I fed raw for 2 years. The cost of doing raw well is very high. I found that I can buy whole chickens for 0.99 a pound, but Costco raised the price now to 1.10. I can sometimes find whole chickens on sale for seventy cents a pound but not all the time. At a 1$ per pound, the chickens are about the same as Orijen in $/kcal, but that is just feeding whole chickens. Add organ meat, liver, heart, kidney, fish, pork neck bones, beef bones, rabbit, lamb, etc. and the mean price per calorie goes way up. Raw cost me about $90 for the one dog per month. A kibble based diet with a few raw meaty bones costs less than $60. It was $53 last month on Orijen and EVO is even less.

But the reason I switched wasn't to save about $30 a month. It was because my dog was vomitting too many bones. I was looking at the additional expense of a meat grinder and all the additional time to grind meat and prepare it for storage so I didn't have to clean the grinder more than several times a month.

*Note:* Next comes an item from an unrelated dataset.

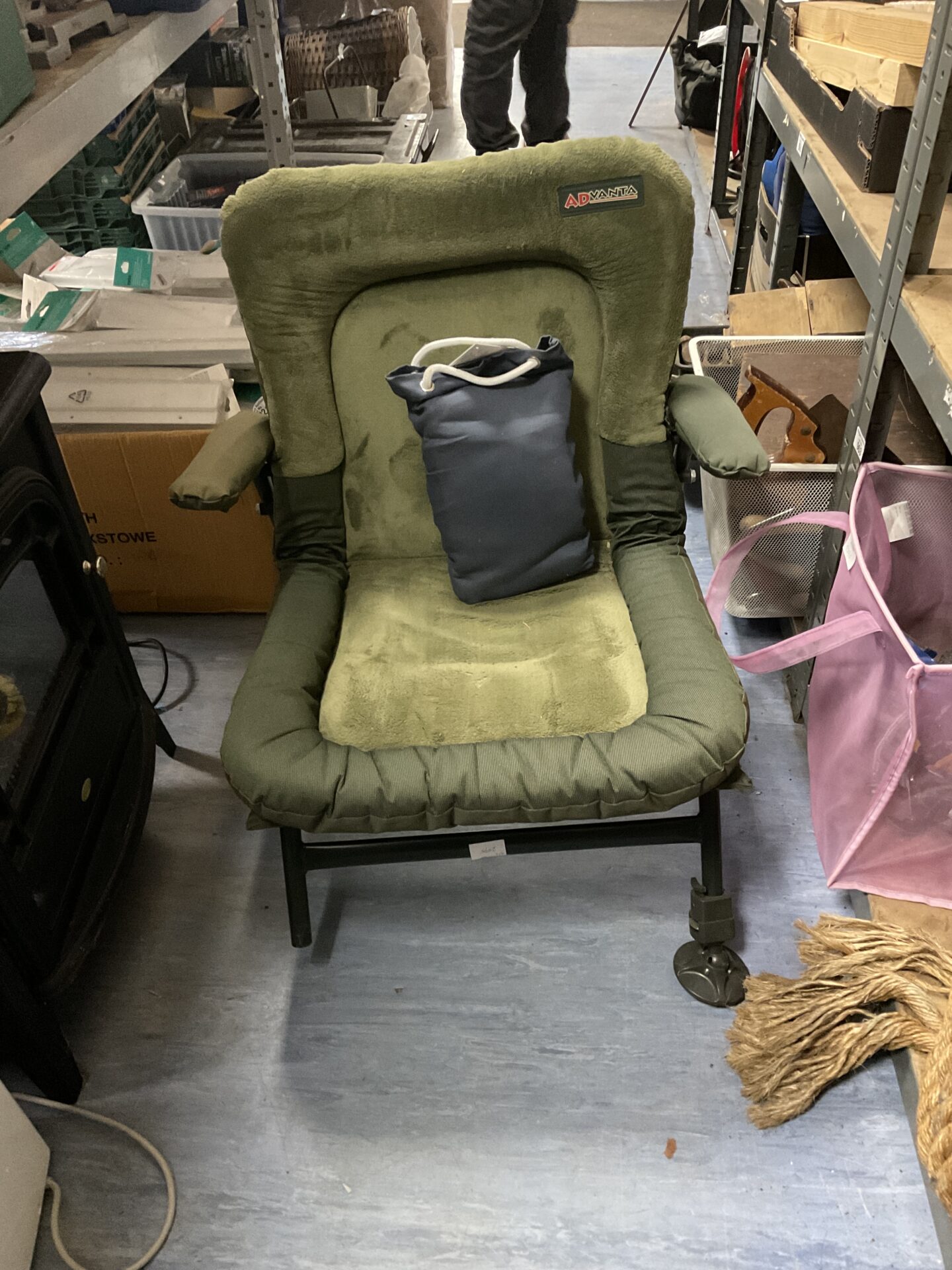 This is an Advanta Endurance Memory Foam Low Chair, designed for comfortable angling sessions. The chair features a low profile and is constructed with memory foam padding for enhanced comfort. It’s designed to be portable and easy to set up, making it ideal for various fishing environments.

Frankly I was tired enough of quartering a dozen whole chickens every time I came home from Costco. But otherwise I like raw.


----------



## Maren Bell Jones (Jun 7, 2006)

Bart Karmich said:


> Ok. I looked into this some more and I compared Orijen 6 Fish dog kibble with the Orijen 6 Fish cat kibble. They are almost totally identical in published nutrient analysis except for a little extra taurine in the cat food and a few other micronutrient levels are slightly different but not significantly. For example, dog food is 0.4% sodium and cat food is 0.5%. Variation in batches is going to make those kinds of differences meaningless. But something like a guaranteed minimum level of taurine would obviously matter for cats...
> 
> I also considered for a raw diet, how would a raw cat diet differ from a raw dog diet? Assuming you buy into the predator/carnivore prey-model dog diet like would tend to, then the only difference is the dog should be able to digest larger bones and that's about it. I suppose I would also feed cats more rodents and small animals that I just wouldn't waste my time with for a dog not because they wouldn't be nutritionally useful, but because a bigger animal like a rabbit or chicken is just more convenient to get good portions from.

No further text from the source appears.